Abstract

The purpose of this research is to investigate the impact of crowding out government investment upon private investment in Iraq during the period 2004-2021. We hypothesize that the investments made by the government crowd out the investments made by the private sector. Econometric methods were used to clarify the crowding-out effect through unit root tests by using the Augmented Dickie-Fuller test (ADF), the Phillips-Peyron (PP) test for time series, and the co-integration test according to Johansen. Vector Error Correction Mechanism (VECM) and model integrity tests were also applied. The independent and dependent variables undergo a long-term equilibrium relationship.
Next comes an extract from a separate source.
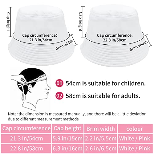 2 Pezzi Cappello Pescatore Pieghevole Cotone Cappellino Sole Benna Allaperto Fisherman Hat Faccina Trendy Cappello alla Pescatora con Adorabile Adulto (as6, Alpha, m, l, 标准, Rosa Bianco, M)
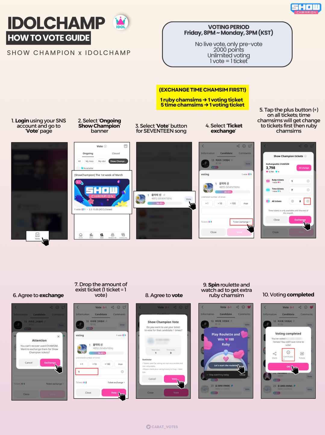 Show Champion voting opens on every Friday at 8 PM (KST) and closes on Monday at 3 PM (KST), which is 4 days long.Install App: Global appCREATE AN ACCOUNT• Log in or Sign up using your Google, Facebook, Kakao or Line account.

It also turns out that there is a long-standing equilibrium causal correlation that goes from the independent variables, government investment (LX1), GDP (LX2), interest rate (X3) to the dependent variable private investment (LY), because the error correction limit parameter adopts the negative mark. It is also significant according to the (t) test (p > 0.05), where there is an inverse significant relationship for government investment (LX1) on private investment (LY) in the long term. This means that there is crowding in-out by the investments made by the government, and an inverse significant relationship to the GDP (LX2) on private investment (LY) in the long term, and an inverse significant relationship to the interest rate (X3) on private investment (LY) in the long term. the model's effectiveness in performing and its resistance to common issues has been confirmed.